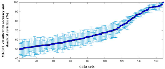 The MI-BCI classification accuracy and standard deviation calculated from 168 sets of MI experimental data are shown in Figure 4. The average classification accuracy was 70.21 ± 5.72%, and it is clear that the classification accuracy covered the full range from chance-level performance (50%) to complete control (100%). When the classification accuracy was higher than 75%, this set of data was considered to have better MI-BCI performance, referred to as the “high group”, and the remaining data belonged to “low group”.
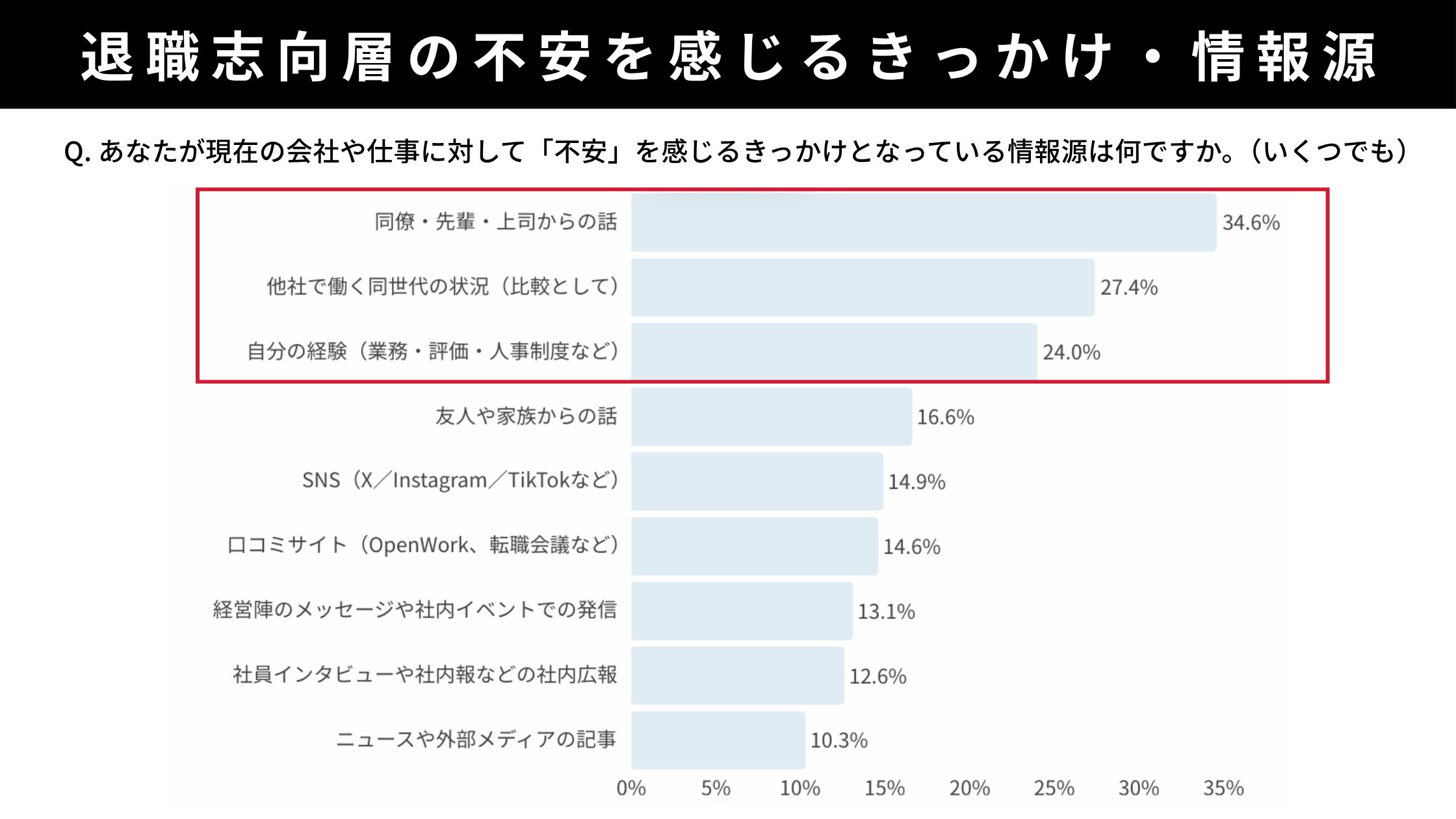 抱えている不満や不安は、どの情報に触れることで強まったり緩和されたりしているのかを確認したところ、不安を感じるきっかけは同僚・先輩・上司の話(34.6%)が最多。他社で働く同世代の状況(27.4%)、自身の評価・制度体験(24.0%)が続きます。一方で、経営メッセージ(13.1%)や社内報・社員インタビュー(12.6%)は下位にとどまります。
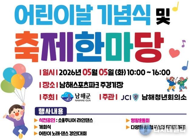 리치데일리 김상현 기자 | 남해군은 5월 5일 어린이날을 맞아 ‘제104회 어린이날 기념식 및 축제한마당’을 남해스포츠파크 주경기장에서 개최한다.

> _WHAT TO DO_
Working from the line that contains "抱えている不満や不安は、どの" to the last line of the listing, please quote each line exactly, pictures excluded.

> _WRITTEN SOLUTION_
 抱えている不満や不安は、どの情報に触れることで強まったり緩和されたりしているのかを確認したところ、不安を感じるきっかけは同僚・先輩・上司の話(34.6%)が最多。他社で働く同世代の状況(27.4%)、自身の評価・制度体験(24.0%)が続きます。一方で、経営メッセージ(13.1%)や社内報・社員インタビュー(12.6%)は下位にとどまります。
 리치데일리 김상현 기자 | 남해군은 5월 5일 어린이날을 맞아 ‘제104회 어린이날 기념식 및 축제한마당’을 남해스포츠파크 주경기장에서 개최한다.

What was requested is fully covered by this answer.